Worth County Sheriff Jeff Hobby was charged Oct. 3 with false imprisonment, violation of oath of office and misdemeanor sexual battery, report the Atlanta Journal-Constitution and the Washington Post. Two deputies were also charged with violation of oath of office, and one of them also faces a misdemeanor sexual battery charge.

Hobby and the deputies were charged for the April 14 search during a four-hour lockdown at Worth County High School, according to the newspapers. Forty officers participated in the search, demanding students’ cellphones and ordering students up against walls.

Nine students who filed a class action lawsuit over the incident said deputies had groped them during searches.
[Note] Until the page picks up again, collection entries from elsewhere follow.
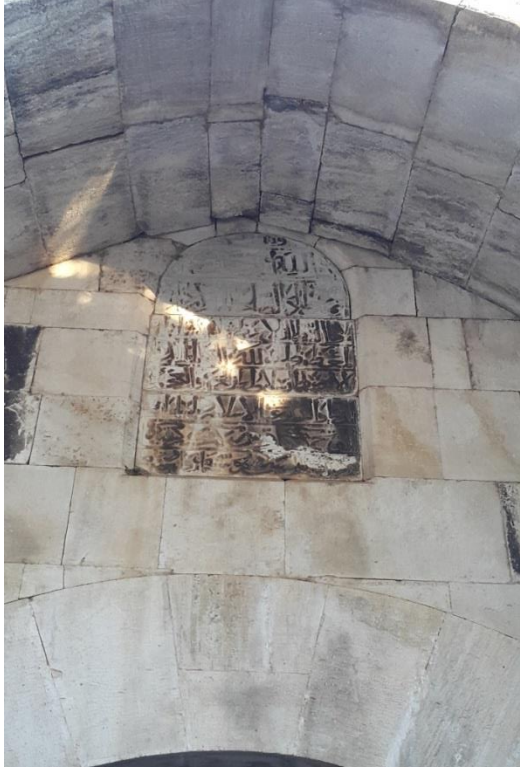
Fig. 6. Celaleddin Karatay Darü's-Sülehası kitabesi (M. Demir 2018)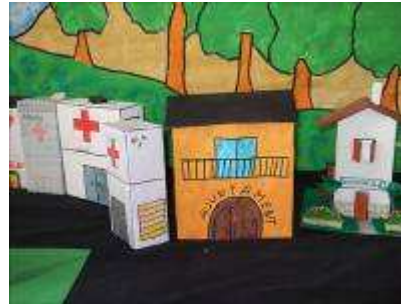
“Construïm edificis reutilitzant brics i cartró” (Col El Carme)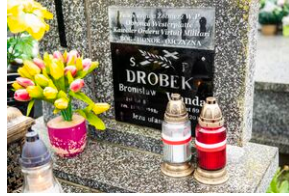
Grób Bronisława Drobka w Brzostkowie.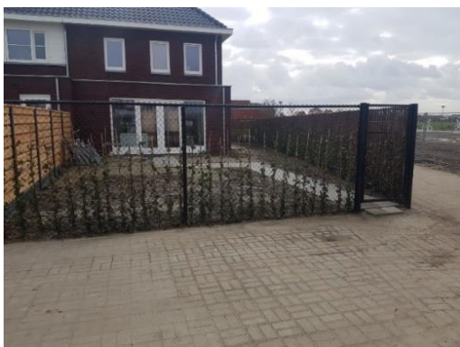
Voorbeeld van gaashekwerk v.v. bovenbuis met Hedera.

Op de hoeken van het perceel worden stalen buispaaltjes geplaatst ten behoeve van de aanduiding erfgrenzen. Voor het hekwerk en de begroeiing geldt een instandhoudings-verplichting. U dient zelf het onderhoud van de haag uit te voeren.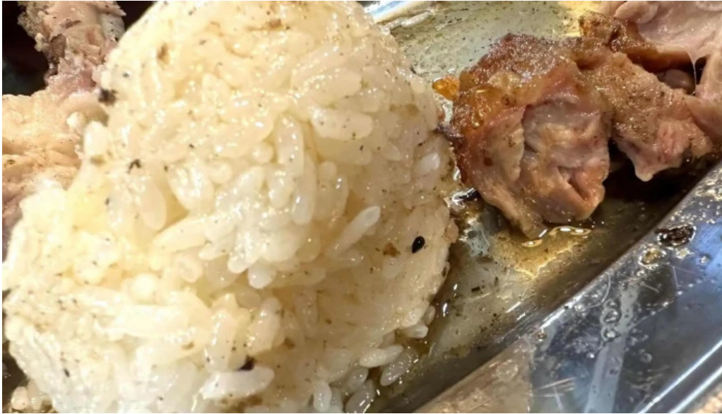
骨付き鳥 味鶴 近く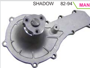
SHADOW 82-94 MANK2100 BOMBA AGUA 2.2/2.5L (SPIRIT/VOYAGER/CARAVAN)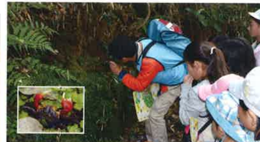
アカテガニのマンション(地図③)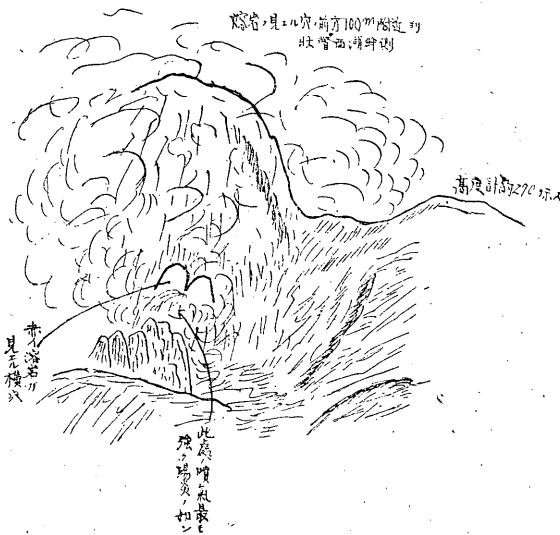
第 1 図

其の下部より噴出して居る水蒸気又は硫気は殆ど無色に近く丁度陽炎の如くゴウゴウと物凄いうなりを發して居た。之は正に地下の熔岩が次第に盛り上つて今やつと地表面に表れた所と思はれ大有珠の円頂丘と同じ生成のものではないかと思はれる。最早可なり温度も下り流れ出る様な心配は絶対にならない様に見えた。晝間の事とて判然とは分からないが火口の上部即ち洞穴の周囲も稍赤みを帯びてゐる即ち殆ど冷却しかつて居るが未だ稍赤熱して居る如くに見えた。歸りに壯瞥郵便局長に御話を伺つたら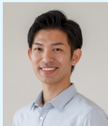
第3学年 体育連絡協議会委員長 第34回松濤祭実行委員長 自動車部 松濤祭・体育祭実行委員会

この大学の一員として、新しい仲間と一緒に大学生活を楽しんで過ごし、大学を盛り上げるよう一緒に頑張っていきましょう。体育連絡協議会を代表して、歓迎の挨拶とさせていただきます。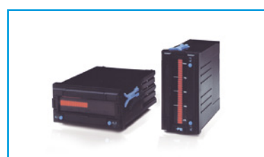
Indicadores de barra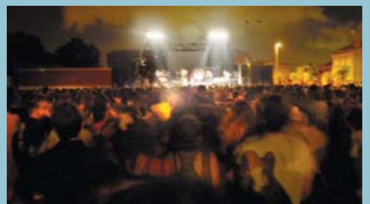
Les Festes Majors en honor a la P. Sang van tornar a traure al carrer tot el poble. Especialment el públic jove, que per milers va acudir a la 10a edició del festival "Picanya Rock"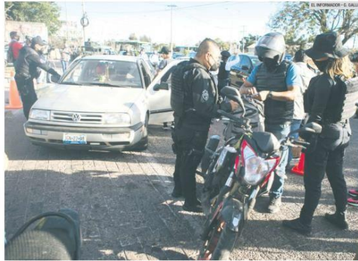
SUPERVISIÓN. Las autoridades indican que, para evitar abusos, invitarán a observadores de la Comisión Estatal de Derechos Humanos, Jalisco (CEDHJ) a los operativos. La revisión comenzó ayer a las 17:00 horas en Periferico y Tabachines.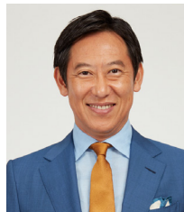
スポーツ庁長官 鈴木 大地

District Attorney Paul Bowden plans to send the indictment to Gov. Nathan Deal, who has the authority to suspend sheriffs. The Georgia Peace Officer Standards and Training Council has also moved to suspend Hobby’s law enforcement certification.
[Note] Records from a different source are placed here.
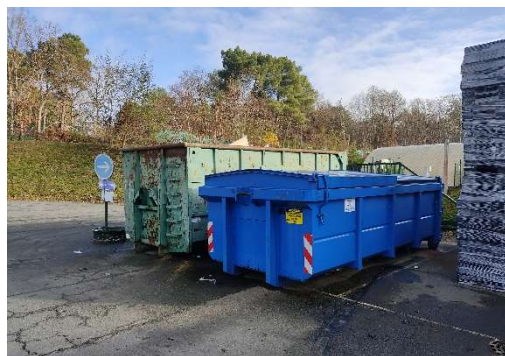
Sites visités lors des études d'accompagnement (Vizea)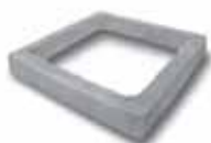
Prolunga rinf. h.10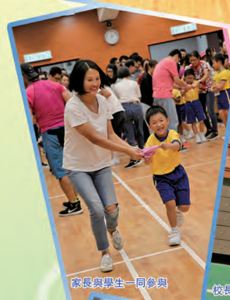
家長與學生一同參與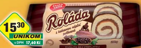
ČESKÁ CENA, Roláda polévaná kakaová 200g, obj.č.10951583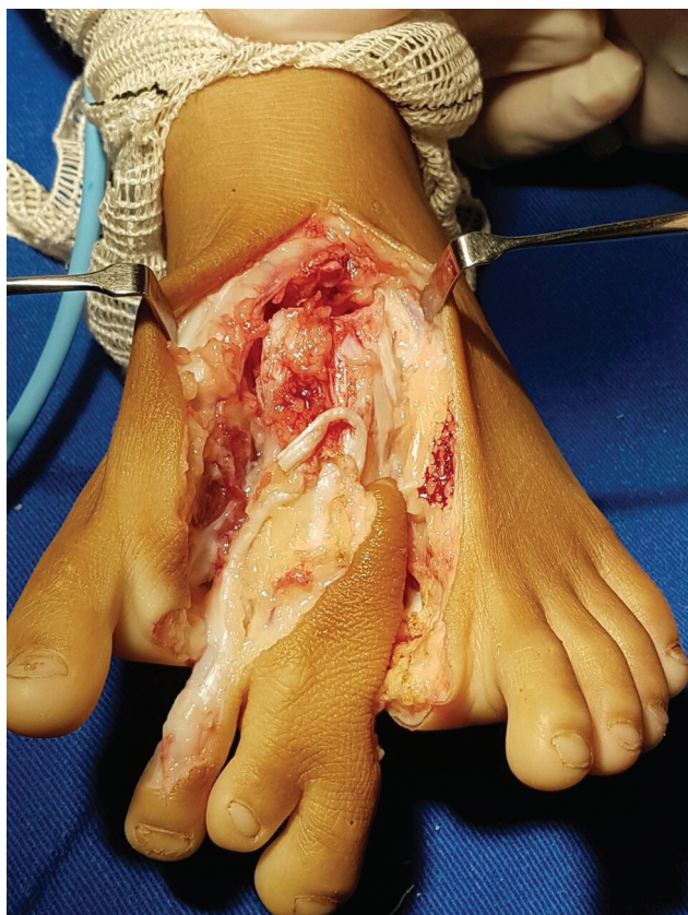
Fig. 3 Ressecção em cunha de raios e ossos extranumerários.

submetidos a tratamento cirúrgico, porém sem padronização nas abordagens. As estratégias adotadas na maioria dos casos visavam a obtenção de um pé funcional, com apresentação estética satisfatória.

Hobby said in a statement released four days after the search that he had received complaints about illegal drugs at the school in the weeks leading up to the search.

A lawyer for the sheriff, Norman Crowe Jr., said the sheriff was at the school for the search but didn’t personally participate.

“The sheriff’s position is that he’s not guilty,” Crowe told the Journal-Constitution. “He’s committed no crime.”